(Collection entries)
───

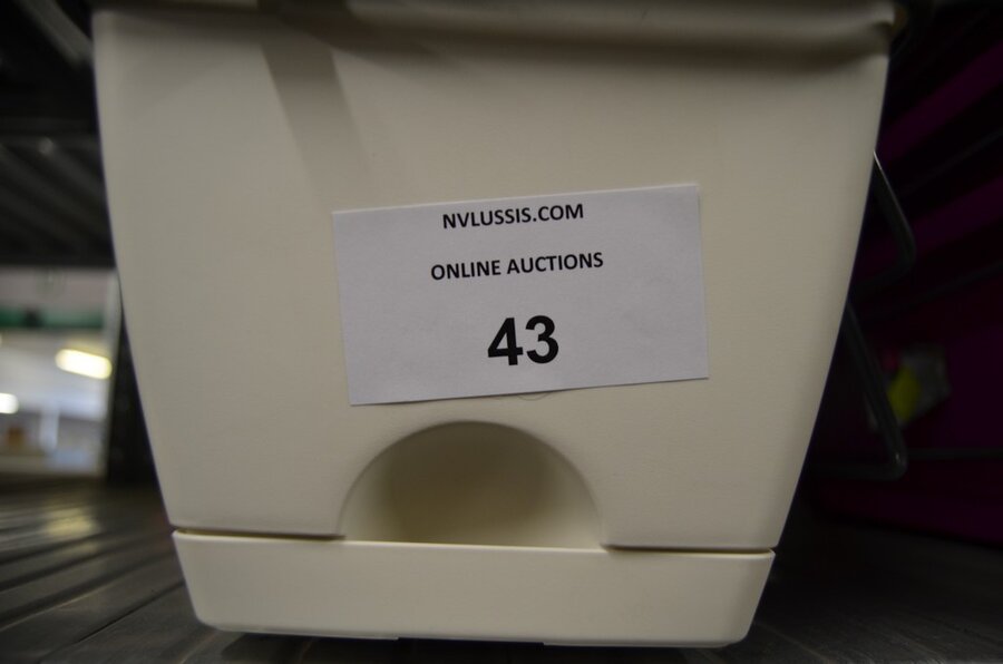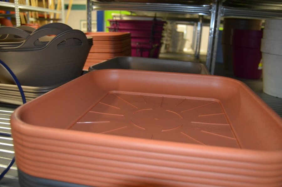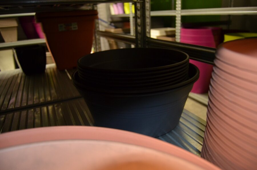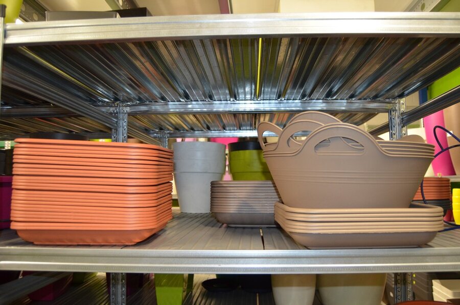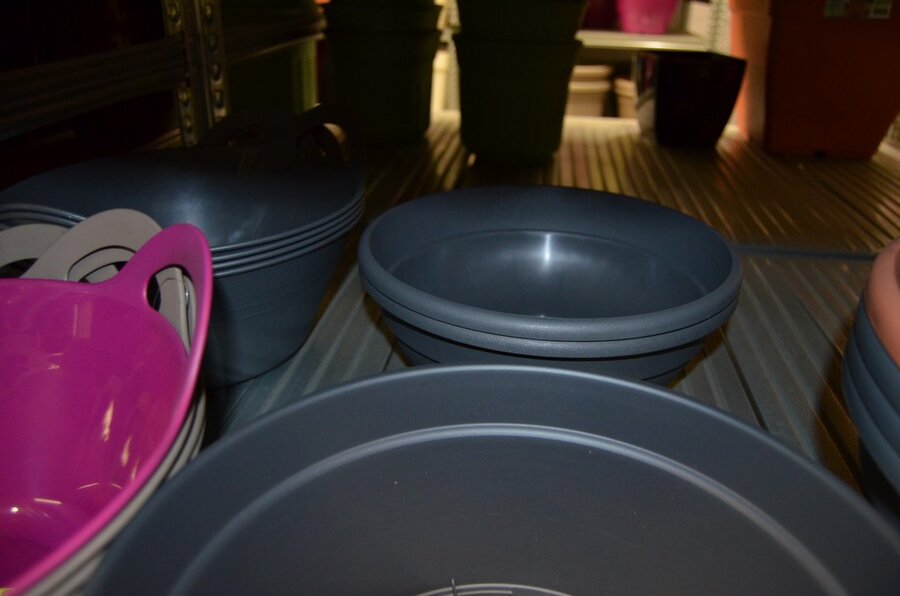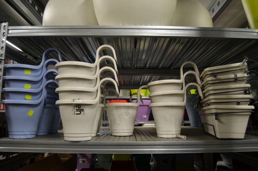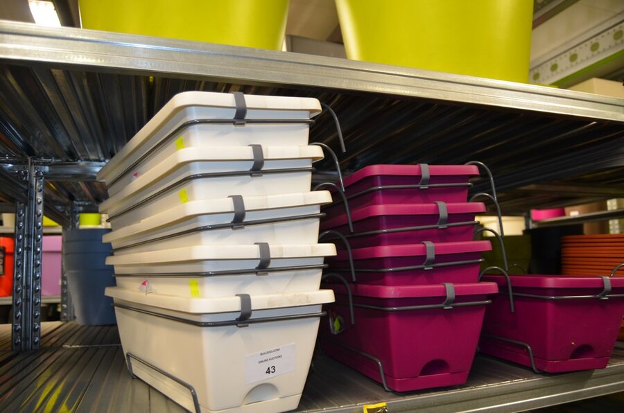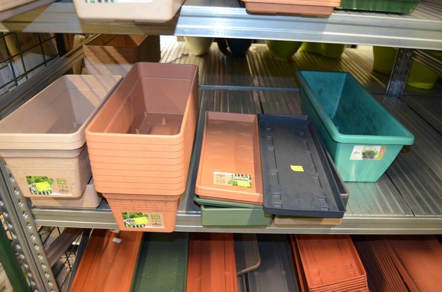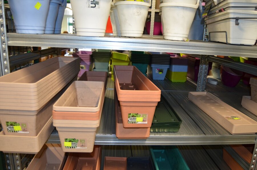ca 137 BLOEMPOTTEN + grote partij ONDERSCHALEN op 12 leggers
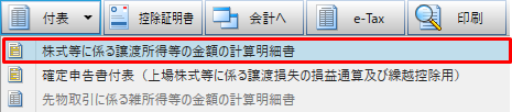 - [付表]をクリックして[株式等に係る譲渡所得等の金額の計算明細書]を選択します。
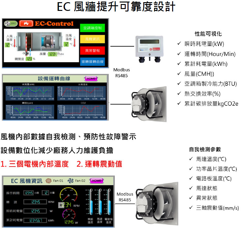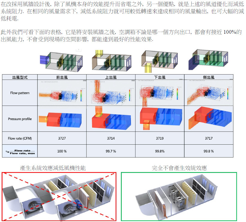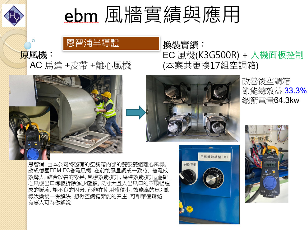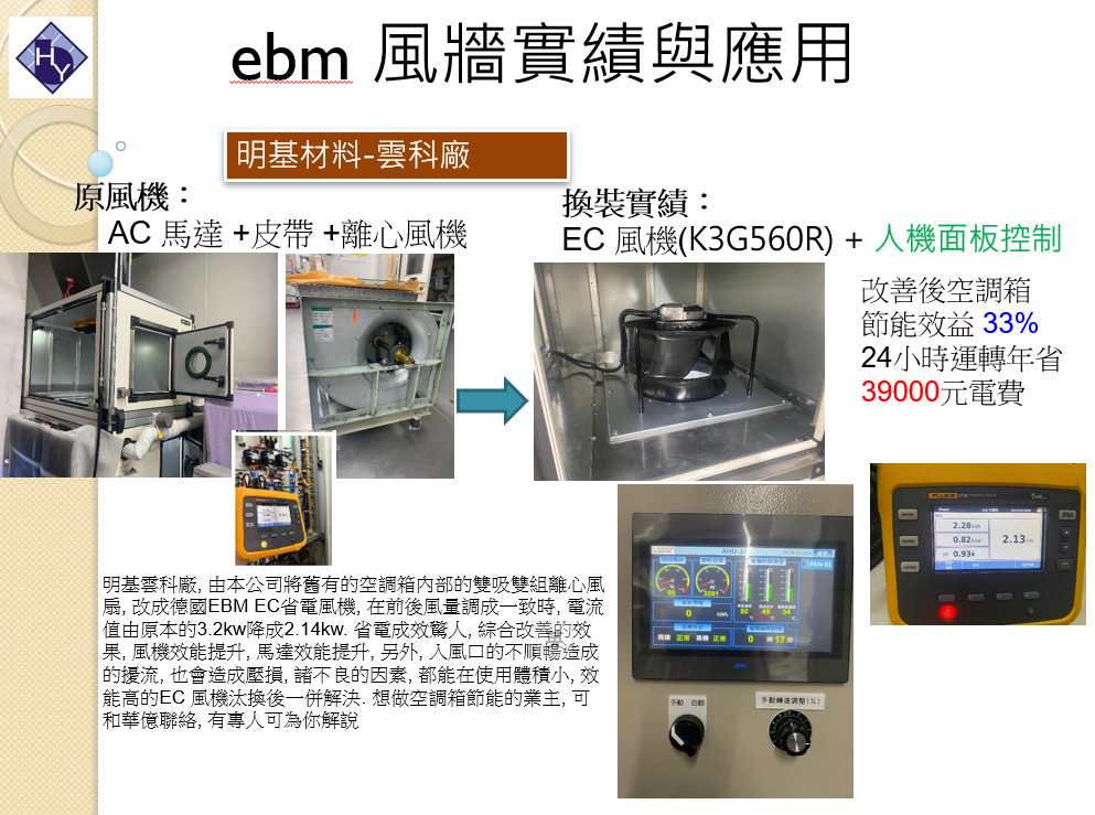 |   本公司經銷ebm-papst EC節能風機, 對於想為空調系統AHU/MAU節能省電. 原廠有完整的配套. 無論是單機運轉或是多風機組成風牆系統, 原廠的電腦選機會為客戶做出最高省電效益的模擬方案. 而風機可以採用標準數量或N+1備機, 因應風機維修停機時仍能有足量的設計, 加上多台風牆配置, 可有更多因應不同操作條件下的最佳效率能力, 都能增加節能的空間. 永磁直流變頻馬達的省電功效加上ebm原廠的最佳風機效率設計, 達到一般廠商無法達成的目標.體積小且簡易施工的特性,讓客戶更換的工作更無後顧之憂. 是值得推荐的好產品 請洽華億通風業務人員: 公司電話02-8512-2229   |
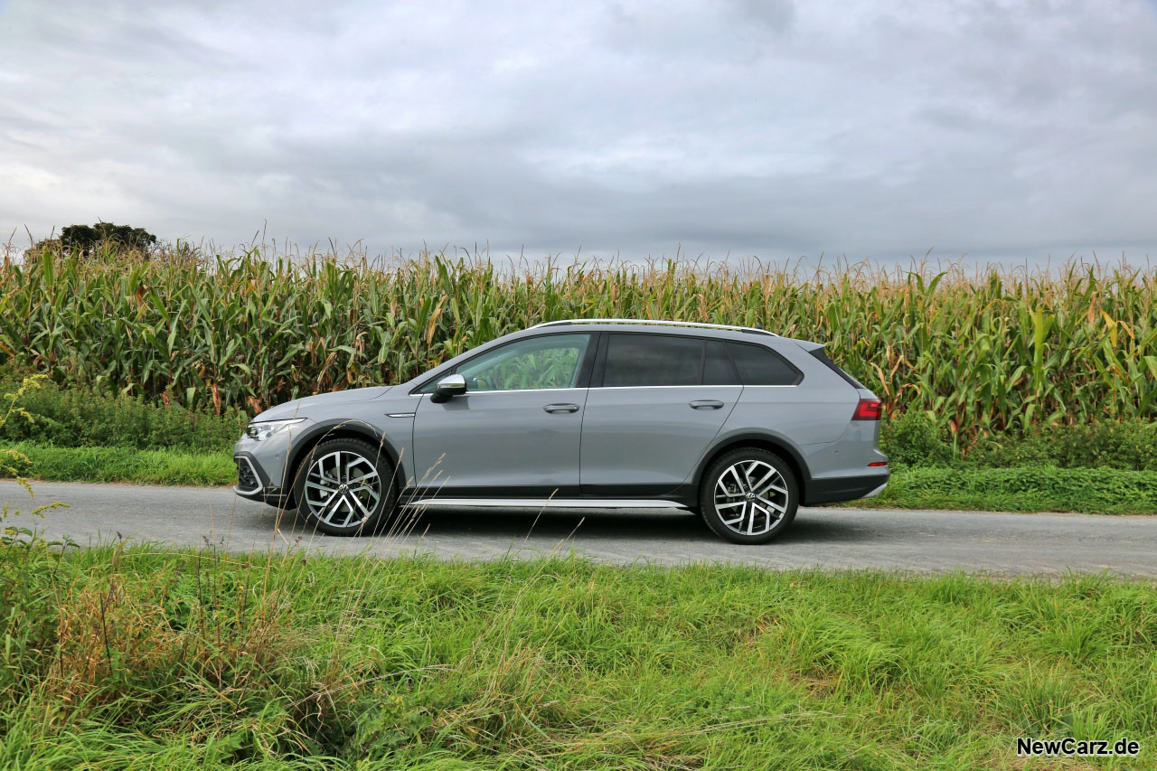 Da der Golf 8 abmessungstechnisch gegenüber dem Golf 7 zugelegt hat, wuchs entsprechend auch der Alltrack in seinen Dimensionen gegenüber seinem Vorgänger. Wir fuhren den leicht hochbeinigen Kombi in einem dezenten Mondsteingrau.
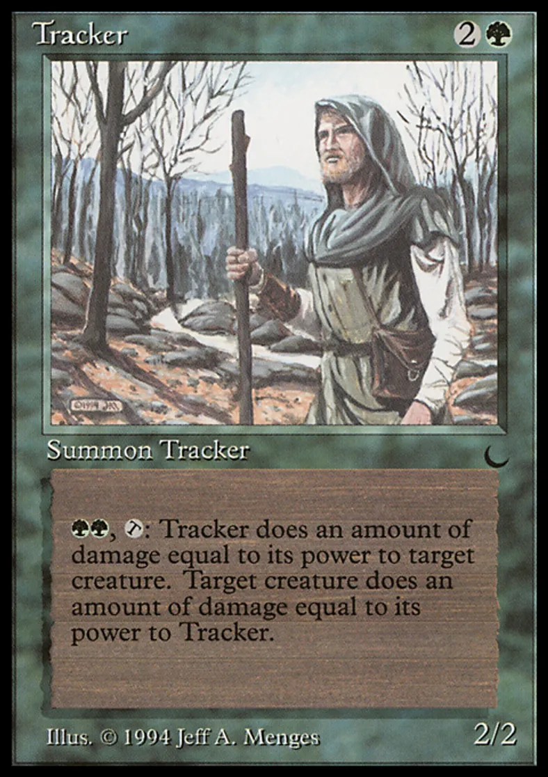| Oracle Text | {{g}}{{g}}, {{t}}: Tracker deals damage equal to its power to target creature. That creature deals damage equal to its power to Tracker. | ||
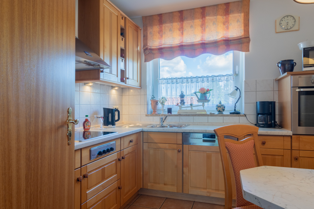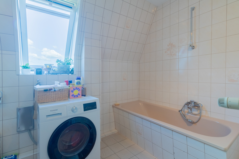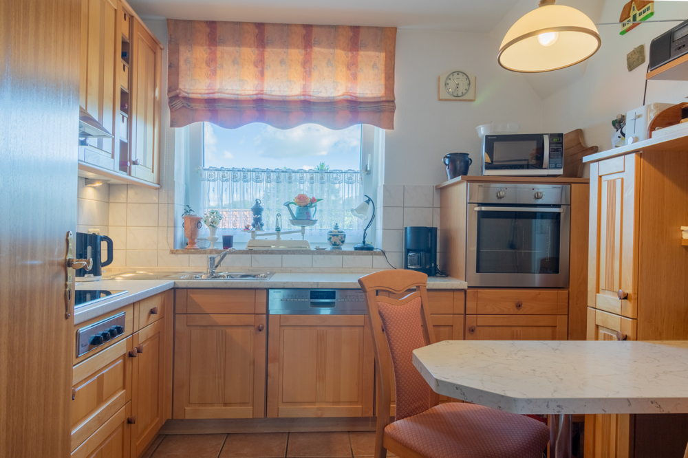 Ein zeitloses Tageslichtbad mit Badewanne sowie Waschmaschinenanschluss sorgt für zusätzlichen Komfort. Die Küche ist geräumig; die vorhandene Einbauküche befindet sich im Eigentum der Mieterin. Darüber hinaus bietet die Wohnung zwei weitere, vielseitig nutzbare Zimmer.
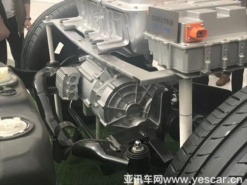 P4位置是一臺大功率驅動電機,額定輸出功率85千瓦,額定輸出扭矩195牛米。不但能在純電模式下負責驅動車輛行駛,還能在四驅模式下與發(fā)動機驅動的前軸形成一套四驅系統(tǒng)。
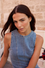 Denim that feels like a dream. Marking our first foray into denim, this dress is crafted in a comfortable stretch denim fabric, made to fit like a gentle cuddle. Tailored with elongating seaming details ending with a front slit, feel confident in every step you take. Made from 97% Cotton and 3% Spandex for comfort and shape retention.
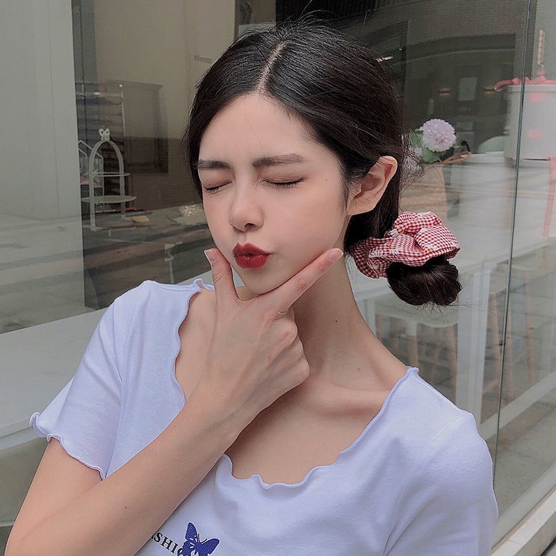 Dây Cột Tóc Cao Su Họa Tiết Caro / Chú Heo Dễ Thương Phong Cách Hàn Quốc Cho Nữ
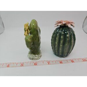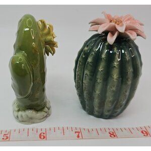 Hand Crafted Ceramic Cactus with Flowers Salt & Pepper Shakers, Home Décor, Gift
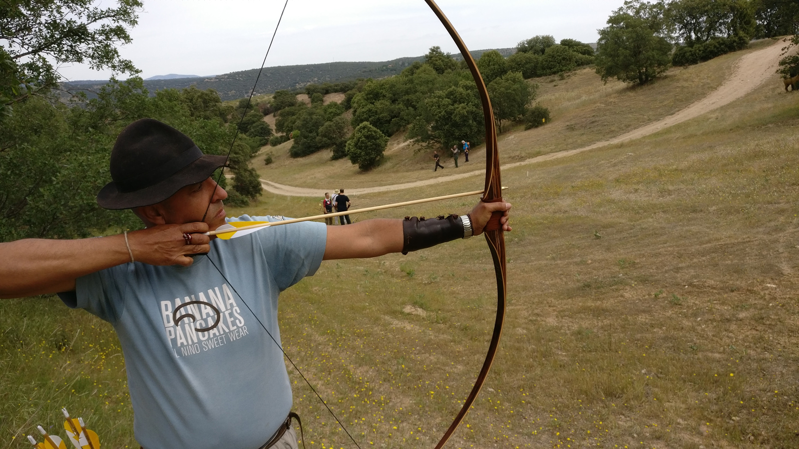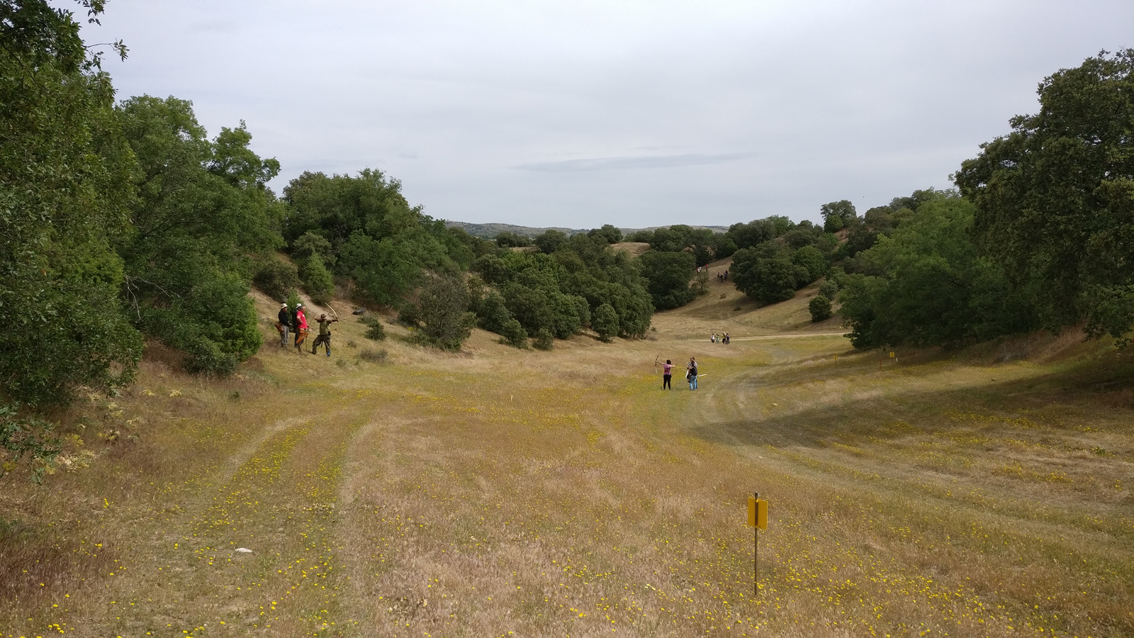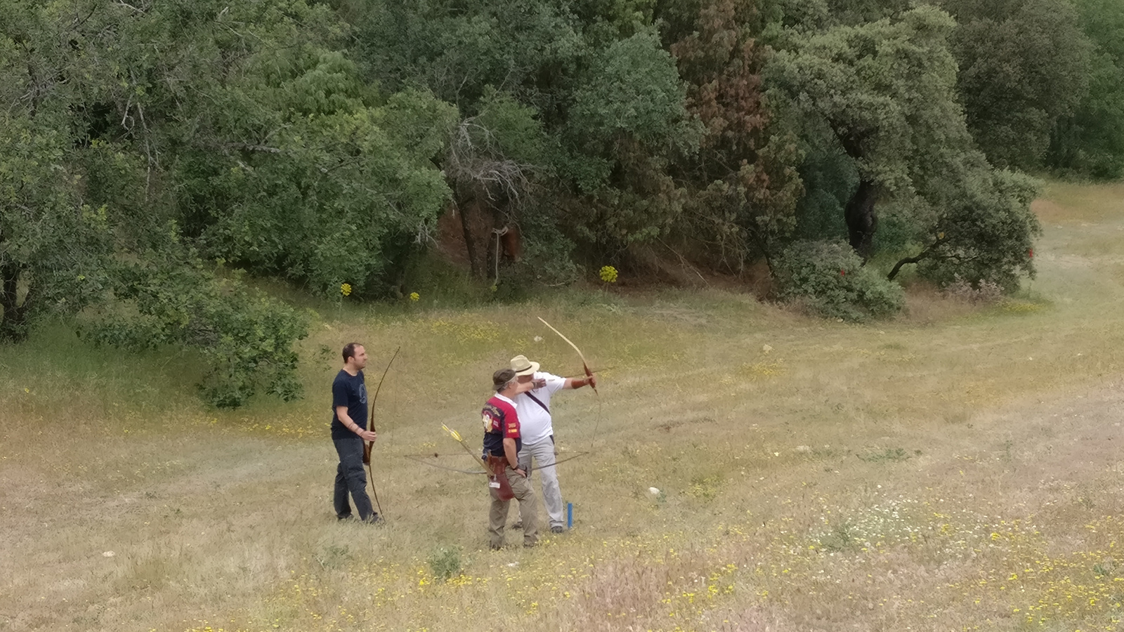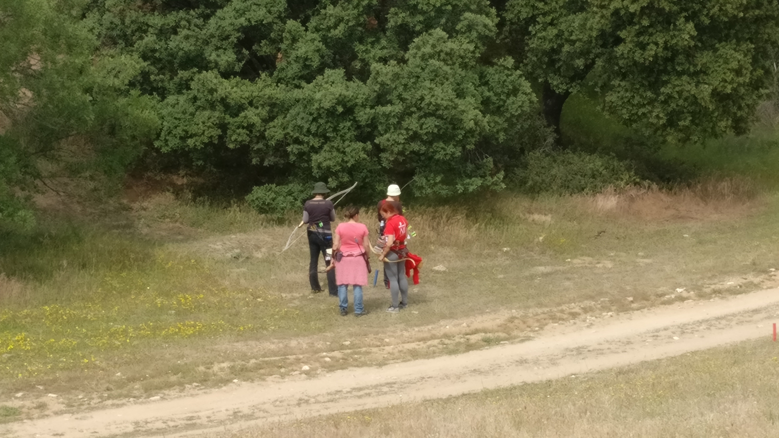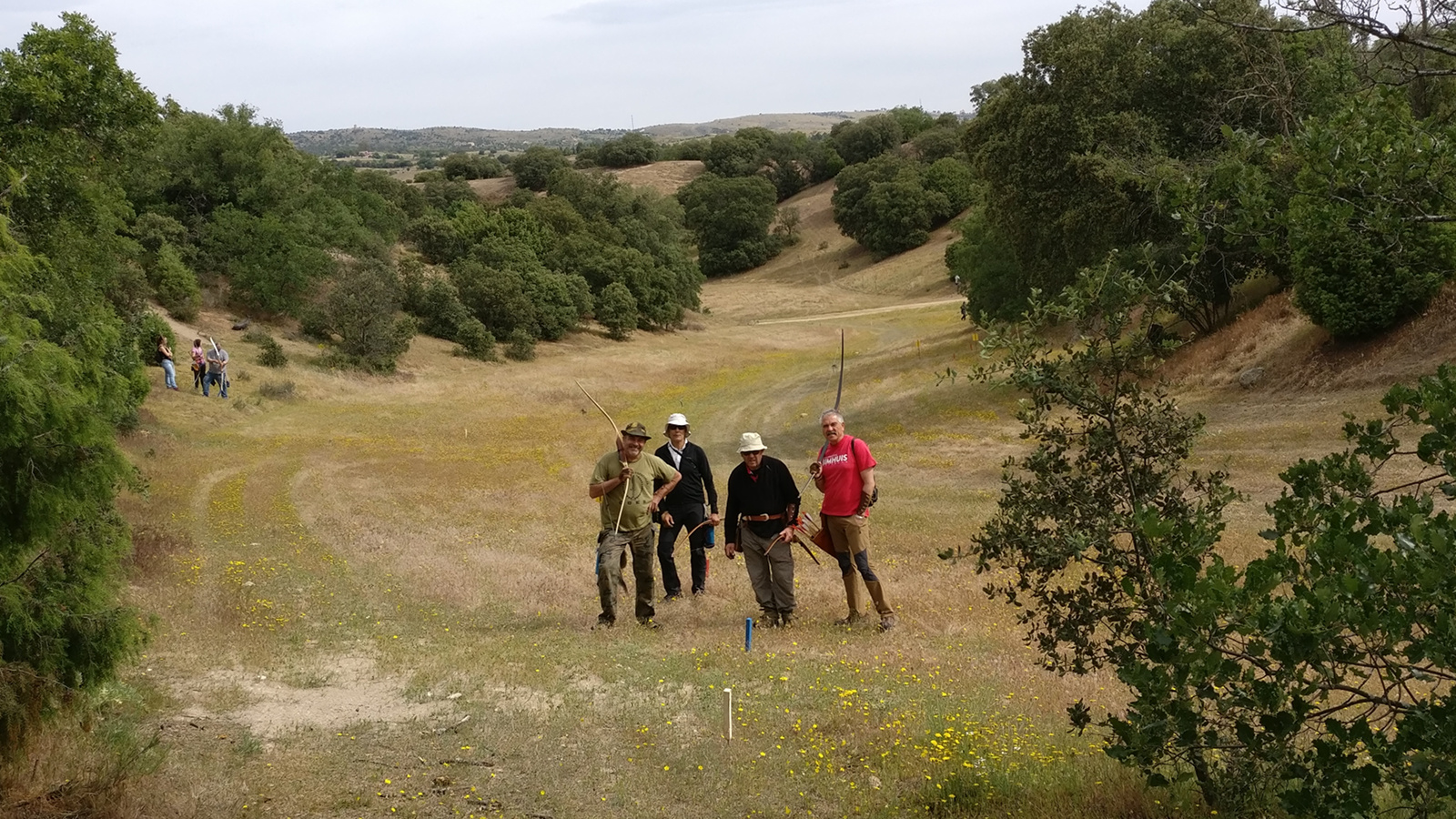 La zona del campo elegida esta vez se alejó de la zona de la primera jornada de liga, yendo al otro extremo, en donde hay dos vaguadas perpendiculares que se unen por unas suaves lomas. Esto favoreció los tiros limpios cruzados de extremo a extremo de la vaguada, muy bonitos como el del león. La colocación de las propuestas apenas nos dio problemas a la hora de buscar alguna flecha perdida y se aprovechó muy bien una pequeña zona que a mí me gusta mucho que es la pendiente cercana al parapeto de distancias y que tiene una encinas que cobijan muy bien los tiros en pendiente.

───

*Work to complete*:
Using the data above, return the lines from the one holding "Dây Cột Tóc" through the one holding "Hand Crafted Ceramic" exactly, but not the pictures.

*Result*:
 Dây Cột Tóc Cao Su Họa Tiết Caro / Chú Heo Dễ Thương Phong Cách Hàn Quốc Cho Nữ
 Hand Crafted Ceramic Cactus with Flowers Salt & Pepper Shakers, Home Décor, Gift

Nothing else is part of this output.